=== What to do ===
Please set down, with no changes, every line of the material below from the one containing "The design takes" through the end. Skip the pictures.

=== Information supplied ===
Content starts

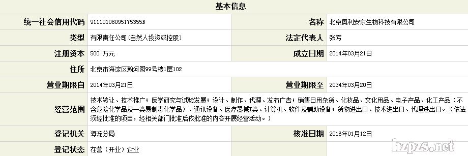 北京奥利安东生物科技有限公司 张芳 地 址: 瀚河园路自在香山99-2
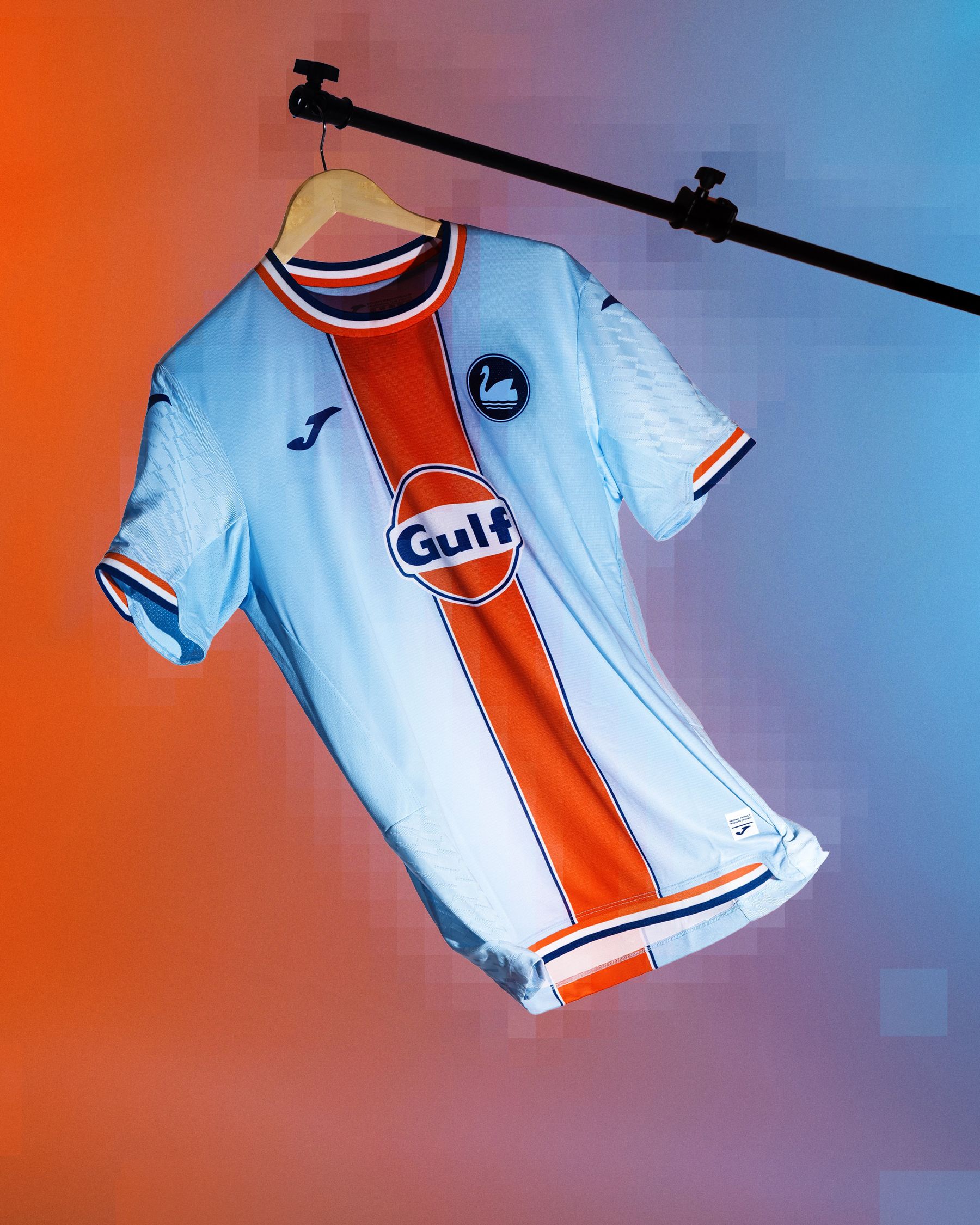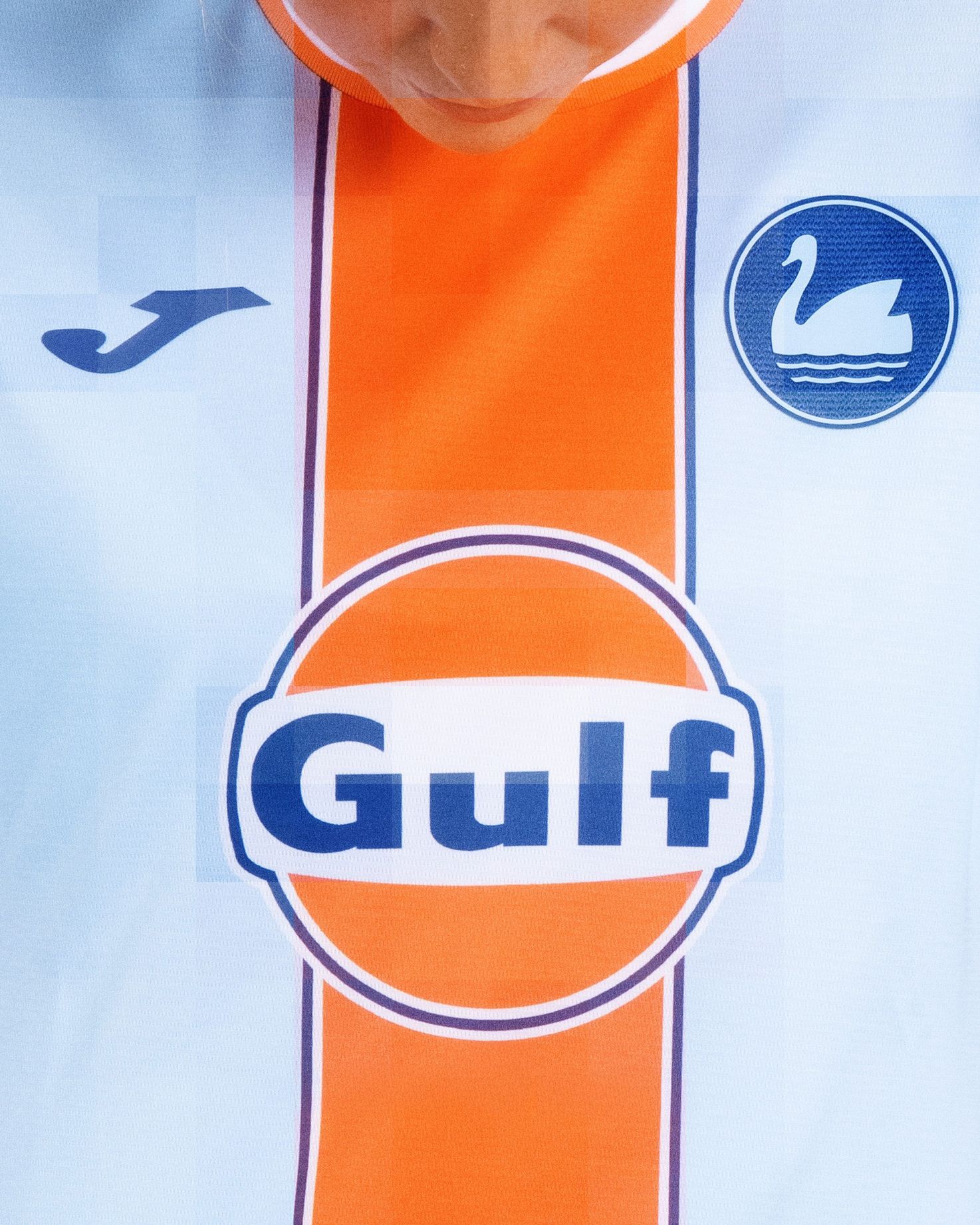 The design takes inspiration from famous Gulf motorsport liveries, most notably seen on the Ford GT40, Porsche 917 and McLaren F1 GTR. For Swansea fans, these colours also recall club kits worn in the mid-1990s, when Gulf first featured as sponsor.
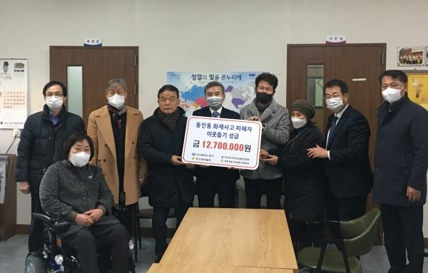 대구시 중구청(구청장 류규하)은 지난 20일 동인동 주택화재로 피해를 본 세대에게 성금 1,270만원을 전달했다고 밝혔다.

Content ends

=== Answer to this problem ===
 The design takes inspiration from famous Gulf motorsport liveries, most notably seen on the Ford GT40, Porsche 917 and McLaren F1 GTR. For Swansea fans, these colours also recall club kits worn in the mid-1990s, when Gulf first featured as sponsor.
 대구시 중구청(구청장 류규하)은 지난 20일 동인동 주택화재로 피해를 본 세대에게 성금 1,270만원을 전달했다고 밝혔다.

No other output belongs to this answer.